**Raw data:**
- Opening Delimiter -

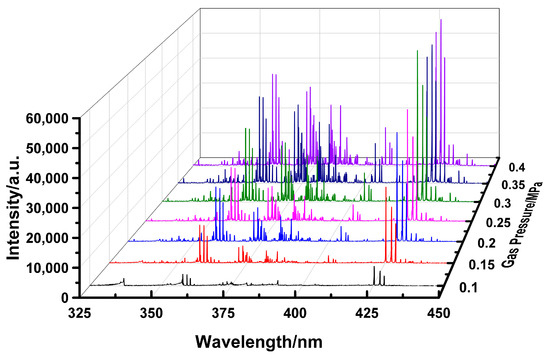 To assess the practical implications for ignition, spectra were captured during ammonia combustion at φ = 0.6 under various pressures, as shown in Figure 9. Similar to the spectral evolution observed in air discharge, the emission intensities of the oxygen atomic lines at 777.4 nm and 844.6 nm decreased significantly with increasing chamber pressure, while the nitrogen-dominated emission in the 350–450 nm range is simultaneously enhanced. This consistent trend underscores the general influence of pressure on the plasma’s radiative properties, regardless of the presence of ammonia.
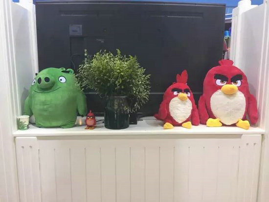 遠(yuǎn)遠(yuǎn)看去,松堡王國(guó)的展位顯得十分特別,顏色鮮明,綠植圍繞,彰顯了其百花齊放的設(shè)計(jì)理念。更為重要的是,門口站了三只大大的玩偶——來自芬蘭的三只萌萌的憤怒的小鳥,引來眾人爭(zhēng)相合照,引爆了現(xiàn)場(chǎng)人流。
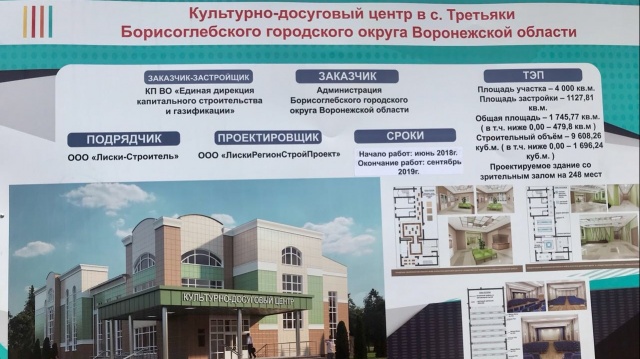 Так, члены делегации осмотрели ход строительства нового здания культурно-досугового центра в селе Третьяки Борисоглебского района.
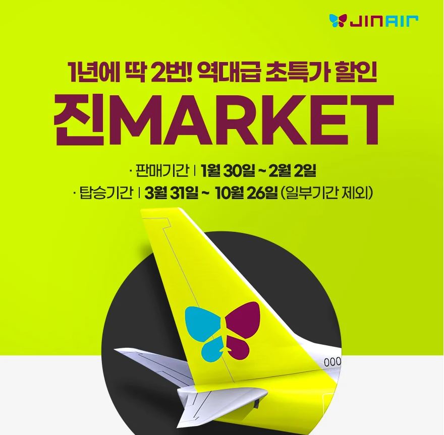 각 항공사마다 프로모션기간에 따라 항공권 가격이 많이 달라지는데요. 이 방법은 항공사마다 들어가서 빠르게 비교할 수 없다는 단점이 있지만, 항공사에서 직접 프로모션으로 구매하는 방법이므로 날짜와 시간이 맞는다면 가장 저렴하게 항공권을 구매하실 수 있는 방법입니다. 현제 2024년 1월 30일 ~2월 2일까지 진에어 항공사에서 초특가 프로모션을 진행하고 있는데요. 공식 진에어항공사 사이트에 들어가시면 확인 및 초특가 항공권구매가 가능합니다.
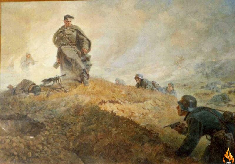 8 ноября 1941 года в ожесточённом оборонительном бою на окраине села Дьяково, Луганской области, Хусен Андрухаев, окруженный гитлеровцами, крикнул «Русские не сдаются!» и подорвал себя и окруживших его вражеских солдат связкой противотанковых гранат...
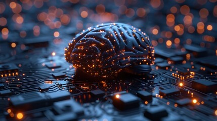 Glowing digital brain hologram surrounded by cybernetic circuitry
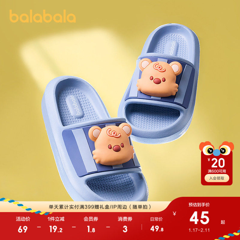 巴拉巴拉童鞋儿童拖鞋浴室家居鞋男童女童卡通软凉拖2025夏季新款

- Closing Delimiter -
- Opening Delimiter -

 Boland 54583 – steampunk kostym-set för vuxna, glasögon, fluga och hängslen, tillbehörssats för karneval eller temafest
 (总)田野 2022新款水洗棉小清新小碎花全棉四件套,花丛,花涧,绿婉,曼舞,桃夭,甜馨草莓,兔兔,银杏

- Closing Delimiter -

**Exercise details:**
To complete this exercise, transcribe exactly the lines above from the one that holds "To assess the" through the one that holds "각 항공사마다 프로모션기간에". Pictures stay out.

**Response:**
 To assess the practical implications for ignition, spectra were captured during ammonia combustion at φ = 0.6 under various pressures, as shown in Figure 9. Similar to the spectral evolution observed in air discharge, the emission intensities of the oxygen atomic lines at 777.4 nm and 844.6 nm decreased significantly with increasing chamber pressure, while the nitrogen-dominated emission in the 350–450 nm range is simultaneously enhanced. This consistent trend underscores the general influence of pressure on the plasma’s radiative properties, regardless of the presence of ammonia.
 遠(yuǎn)遠(yuǎn)看去,松堡王國(guó)的展位顯得十分特別,顏色鮮明,綠植圍繞,彰顯了其百花齊放的設(shè)計(jì)理念。更為重要的是,門口站了三只大大的玩偶——來自芬蘭的三只萌萌的憤怒的小鳥,引來眾人爭(zhēng)相合照,引爆了現(xiàn)場(chǎng)人流。
 Так, члены делегации осмотрели ход строительства нового здания культурно-досугового центра в селе Третьяки Борисоглебского района.
 각 항공사마다 프로모션기간에 따라 항공권 가격이 많이 달라지는데요. 이 방법은 항공사마다 들어가서 빠르게 비교할 수 없다는 단점이 있지만, 항공사에서 직접 프로모션으로 구매하는 방법이므로 날짜와 시간이 맞는다면 가장 저렴하게 항공권을 구매하실 수 있는 방법입니다. 현제 2024년 1월 30일 ~2월 2일까지 진에어 항공사에서 초특가 프로모션을 진행하고 있는데요. 공식 진에어항공사 사이트에 들어가시면 확인 및 초특가 항공권구매가 가능합니다.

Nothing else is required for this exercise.